Age at retirement 55 in about 2 years
No spouse or children 
Full pension at retirement
Pensions is more than enough to cover all living expenses
Surplus of at $1500 a month from pension

Other assets 
Fully paid off home
Cash in bank of $100
Rrsp $150k in mutual funds
TSFA $35k in mutual funds
Non register investments $250k in mutual funds.


Here are the questions:

Since the pensions covers ALL living expenses! what should the surplus be out in once they max their TFSA each year? Cash, non registered?

Can one put money in an rrsp if the only income is pension income?. I think the answer is no, nut was trying to confirm.

Since the person doesn't ever NEED to take out the money, what is the best way to with draw the money to minimize taxes?

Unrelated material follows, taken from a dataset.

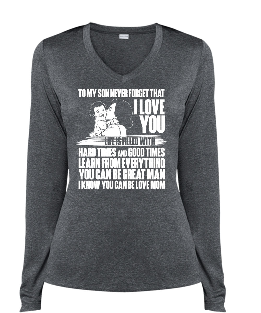 To My Son Never Forget T Shirt, I Love You T Shirt, Cool Shirt (Ladies LS Heather V-Neck)
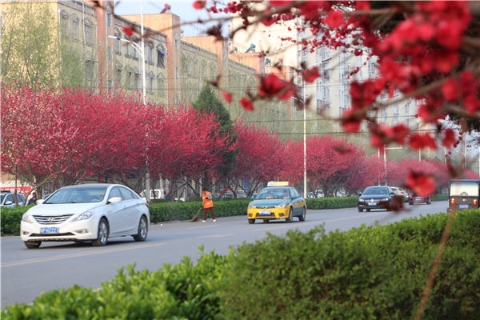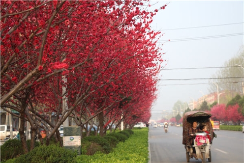 楊樹、垂柳、法桐,這是常見的綠化樹,可是你見過整條道路用桃樹做綠化的嗎?在周口市建設(shè)大道西段,長達1公里的主干道兩側(cè)種滿桃樹?,F(xiàn)在正值陽春三月桃花盛開,整條道路成了一片花的海洋,儼然是鬧市區(qū)里的世外桃源。

Allocations for the investment? right now the advisor has the person in a very large amount of equities over 90% of the overall portfolio. This seems high given the age and the persons lower risk tolerance and investment understanding. Perhaps it is because the person doesn't need the money? 

Should the accounts all be treated as one portfolio when doing allocations? I see a lot of duplicate funds.

Is there a general rule of what should be in non registered, tfsa, and rrsp? For example fixed income in rrsp, equities in tfsa, etc? 


Thanks for any input.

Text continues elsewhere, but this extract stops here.